◆ Material to process
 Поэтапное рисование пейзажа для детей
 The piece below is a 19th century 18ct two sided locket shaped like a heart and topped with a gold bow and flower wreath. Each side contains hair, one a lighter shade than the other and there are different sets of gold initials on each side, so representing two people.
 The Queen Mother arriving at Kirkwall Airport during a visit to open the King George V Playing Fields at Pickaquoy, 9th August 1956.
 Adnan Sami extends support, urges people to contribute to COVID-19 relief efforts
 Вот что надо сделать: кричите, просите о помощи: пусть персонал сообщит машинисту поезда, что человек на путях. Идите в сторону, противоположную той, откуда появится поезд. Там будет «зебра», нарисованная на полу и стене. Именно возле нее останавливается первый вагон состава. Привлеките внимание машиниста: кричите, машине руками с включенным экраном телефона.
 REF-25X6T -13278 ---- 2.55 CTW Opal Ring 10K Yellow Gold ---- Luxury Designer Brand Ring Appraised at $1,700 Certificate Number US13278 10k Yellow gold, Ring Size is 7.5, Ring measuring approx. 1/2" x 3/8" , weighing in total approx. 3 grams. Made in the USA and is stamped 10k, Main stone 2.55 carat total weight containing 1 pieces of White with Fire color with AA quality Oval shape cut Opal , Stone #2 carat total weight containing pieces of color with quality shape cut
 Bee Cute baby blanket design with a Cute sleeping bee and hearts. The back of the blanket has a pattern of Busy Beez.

==

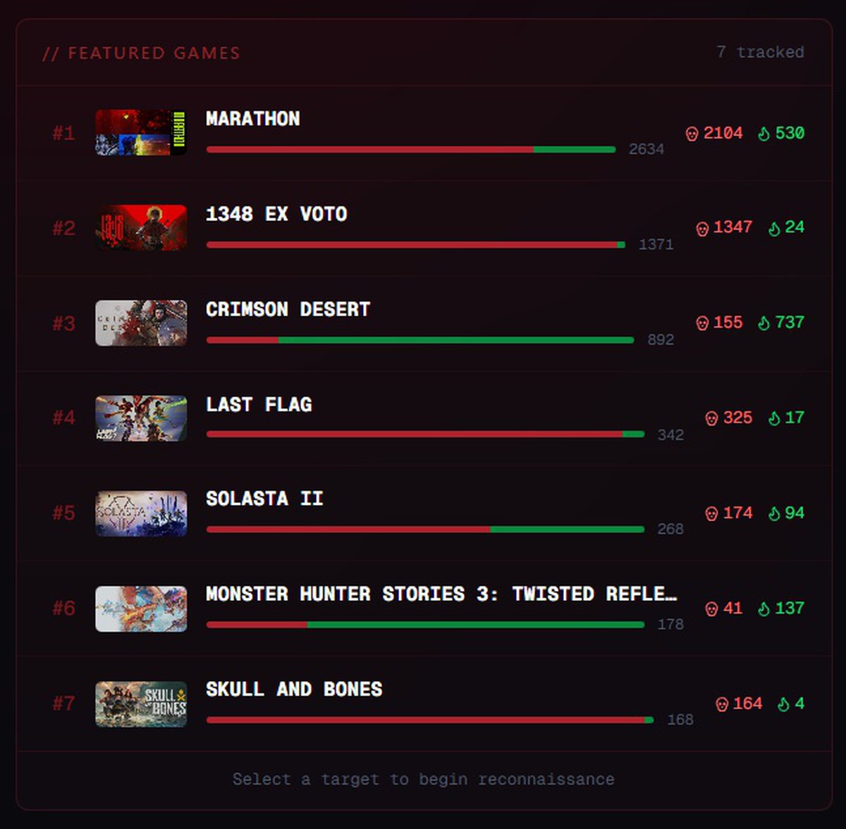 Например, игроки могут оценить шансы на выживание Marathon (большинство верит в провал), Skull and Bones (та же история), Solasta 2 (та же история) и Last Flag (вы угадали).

◆ Activity
Going back to the entries above, set down exactly the lines that begin at the one with "Вот что надо" and end at the one with "Bee Cute baby", both included, and nothing else.

◆ Result of this task
 Вот что надо сделать: кричите, просите о помощи: пусть персонал сообщит машинисту поезда, что человек на путях. Идите в сторону, противоположную той, откуда появится поезд. Там будет «зебра», нарисованная на полу и стене. Именно возле нее останавливается первый вагон состава. Привлеките внимание машиниста: кричите, машине руками с включенным экраном телефона.
 REF-25X6T -13278 ---- 2.55 CTW Opal Ring 10K Yellow Gold ---- Luxury Designer Brand Ring Appraised at $1,700 Certificate Number US13278 10k Yellow gold, Ring Size is 7.5, Ring measuring approx. 1/2" x 3/8" , weighing in total approx. 3 grams. Made in the USA and is stamped 10k, Main stone 2.55 carat total weight containing 1 pieces of White with Fire color with AA quality Oval shape cut Opal , Stone #2 carat total weight containing pieces of color with quality shape cut
 Bee Cute baby blanket design with a Cute sleeping bee and hearts. The back of the blanket has a pattern of Busy Beez.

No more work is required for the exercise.